**Material shown**
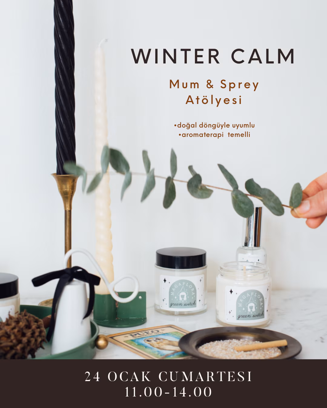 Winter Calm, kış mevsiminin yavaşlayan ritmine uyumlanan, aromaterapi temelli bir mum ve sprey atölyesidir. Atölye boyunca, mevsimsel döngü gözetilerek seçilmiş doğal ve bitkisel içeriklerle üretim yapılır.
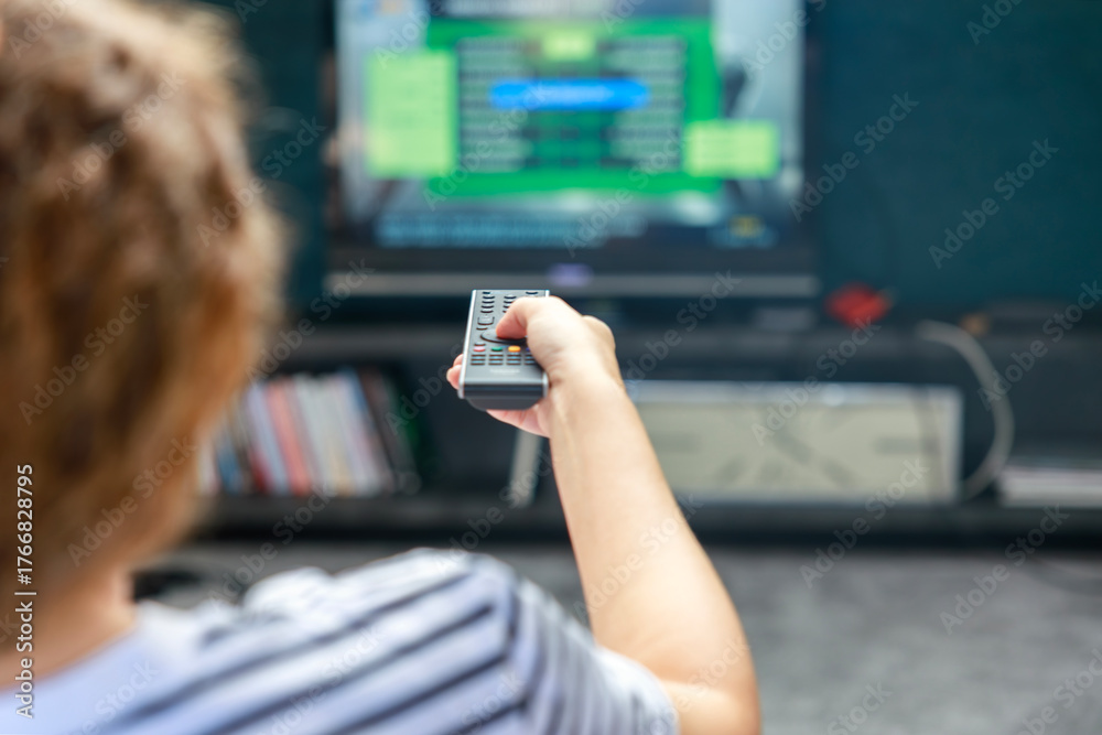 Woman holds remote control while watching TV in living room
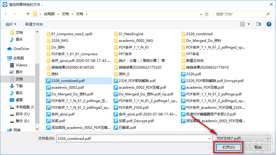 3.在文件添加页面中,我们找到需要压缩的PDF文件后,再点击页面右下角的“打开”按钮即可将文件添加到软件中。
* * *
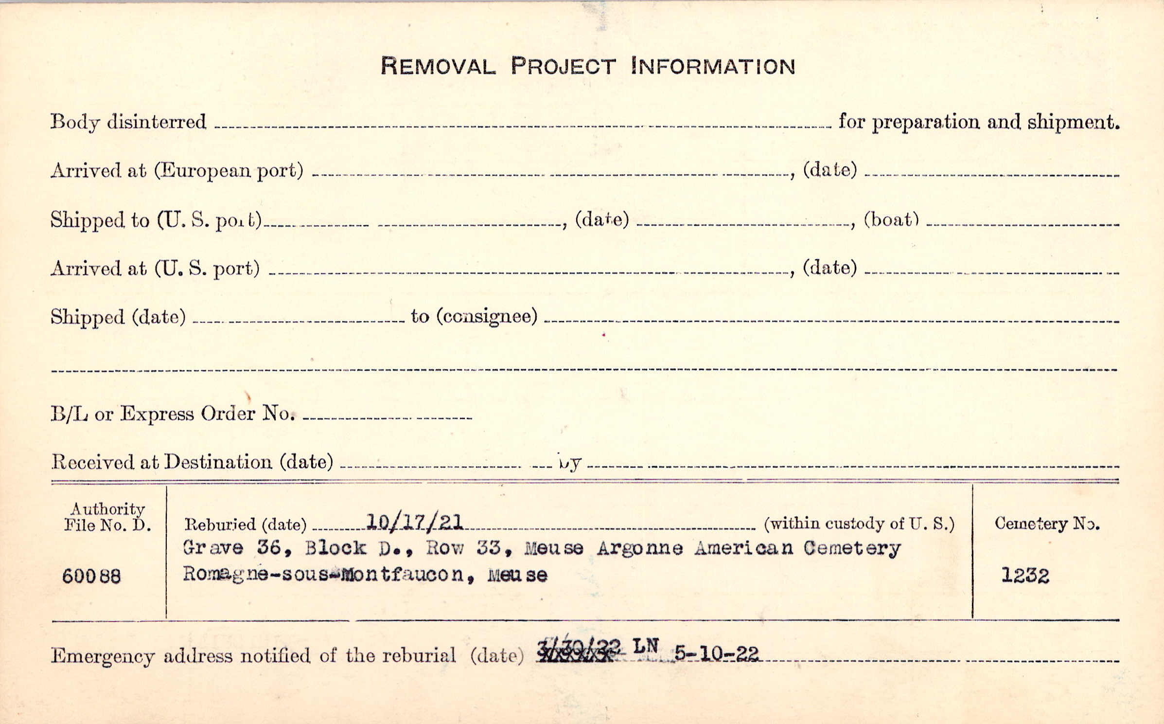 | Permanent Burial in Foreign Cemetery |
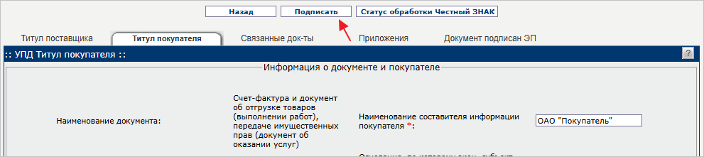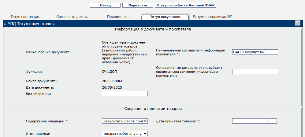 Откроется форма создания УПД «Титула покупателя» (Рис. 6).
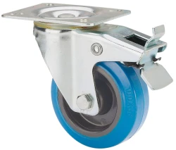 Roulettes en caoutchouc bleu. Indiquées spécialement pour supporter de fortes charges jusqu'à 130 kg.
--
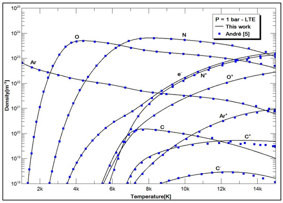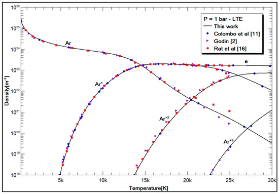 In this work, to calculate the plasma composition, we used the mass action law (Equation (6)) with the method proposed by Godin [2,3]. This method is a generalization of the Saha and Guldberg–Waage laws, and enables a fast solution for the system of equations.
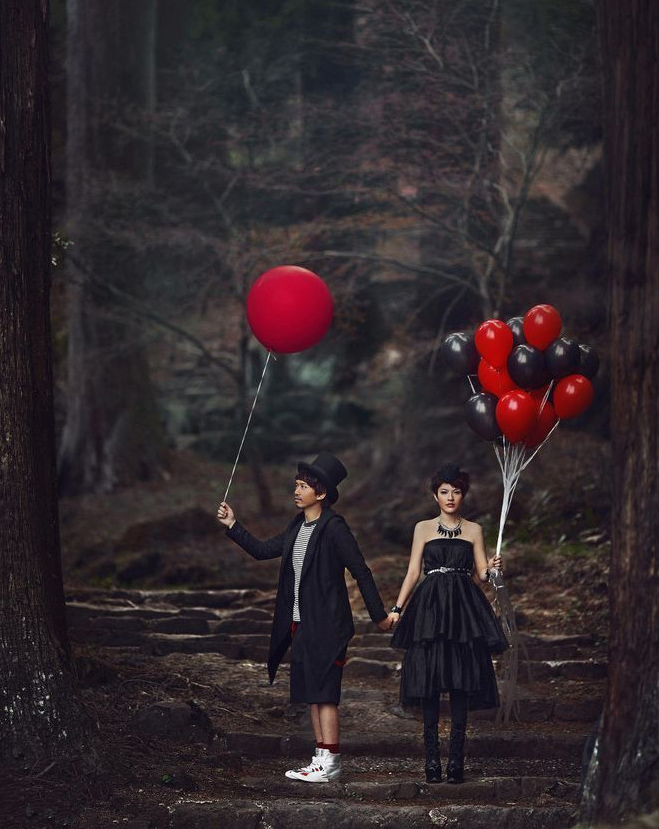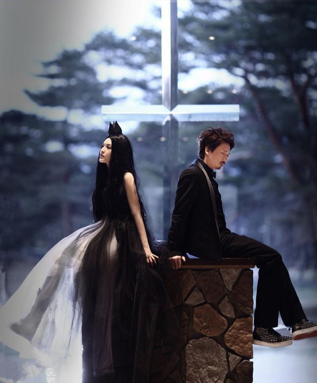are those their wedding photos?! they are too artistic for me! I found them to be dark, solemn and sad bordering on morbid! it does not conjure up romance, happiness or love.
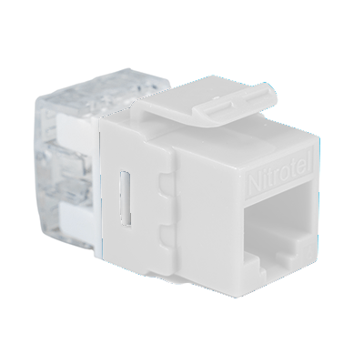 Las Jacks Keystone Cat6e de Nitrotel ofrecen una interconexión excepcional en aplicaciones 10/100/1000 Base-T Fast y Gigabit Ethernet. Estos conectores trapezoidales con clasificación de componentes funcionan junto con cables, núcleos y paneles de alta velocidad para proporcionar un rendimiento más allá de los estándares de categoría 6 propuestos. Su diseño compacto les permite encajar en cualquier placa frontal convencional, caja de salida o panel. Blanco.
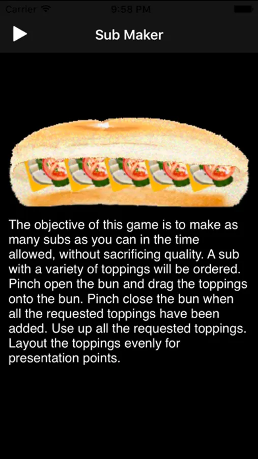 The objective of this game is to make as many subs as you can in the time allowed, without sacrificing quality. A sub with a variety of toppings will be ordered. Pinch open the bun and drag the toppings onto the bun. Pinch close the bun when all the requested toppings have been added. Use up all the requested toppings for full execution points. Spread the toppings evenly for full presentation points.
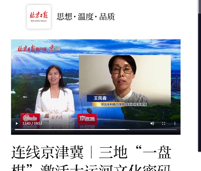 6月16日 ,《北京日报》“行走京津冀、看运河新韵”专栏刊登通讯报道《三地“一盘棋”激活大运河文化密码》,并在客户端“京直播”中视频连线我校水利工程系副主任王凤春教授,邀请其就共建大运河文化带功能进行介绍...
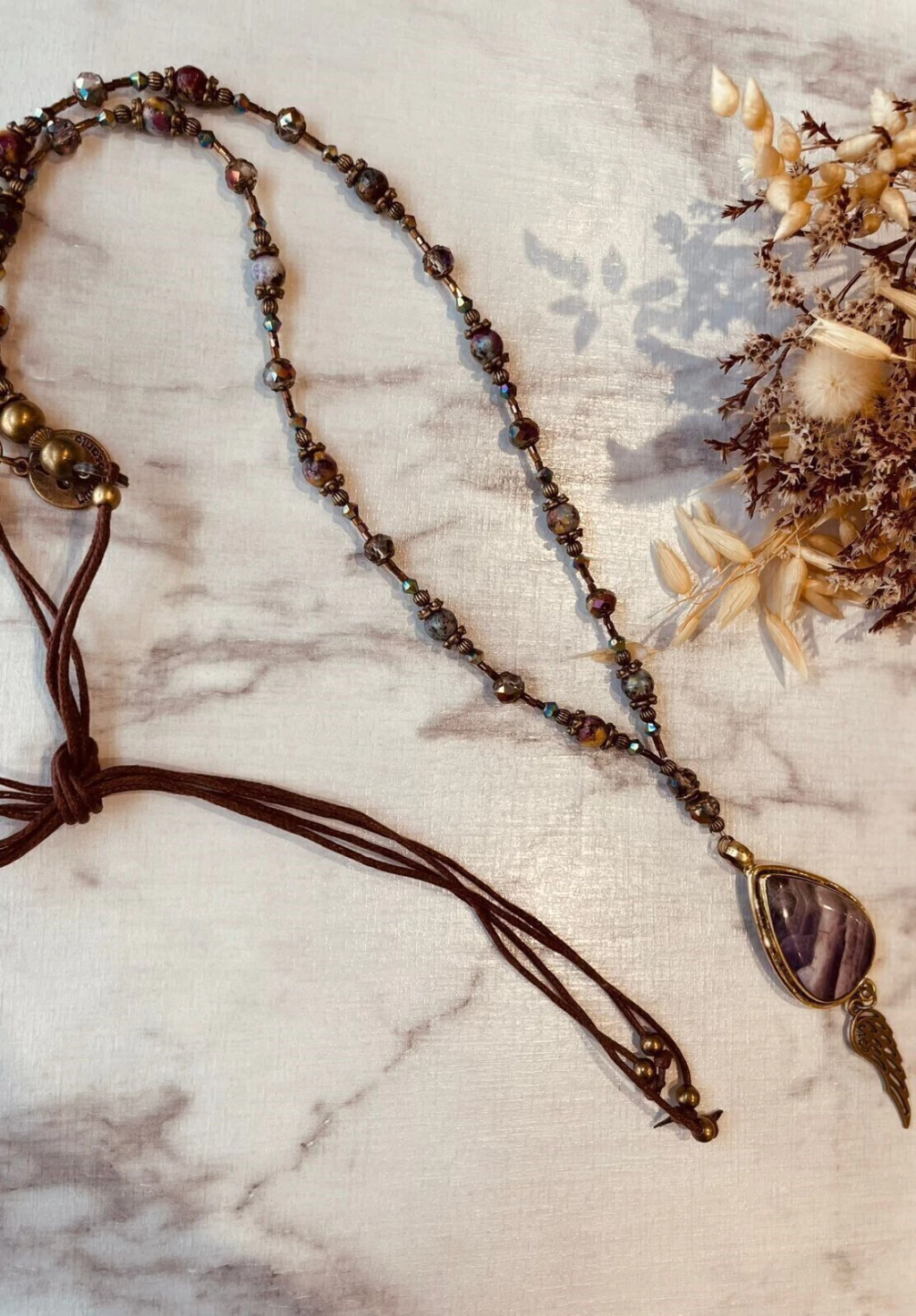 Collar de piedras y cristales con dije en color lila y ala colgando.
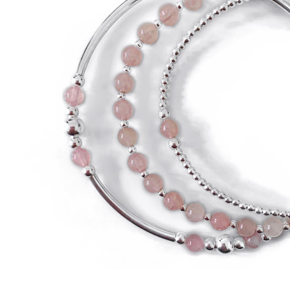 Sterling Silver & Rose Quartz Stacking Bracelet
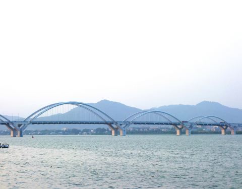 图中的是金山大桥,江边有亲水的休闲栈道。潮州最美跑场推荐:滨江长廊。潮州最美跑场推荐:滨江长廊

**What you have to do**
Give again, exactly as written above, every line from the one holding "Sterling Silver &" to the one holding "图中的是金山大桥,江边有亲水", with both ends kept and the pictures left out.

**Result for this task**
 Sterling Silver & Rose Quartz Stacking Bracelet
 图中的是金山大桥,江边有亲水的休闲栈道。潮州最美跑场推荐:滨江长廊。潮州最美跑场推荐:滨江长廊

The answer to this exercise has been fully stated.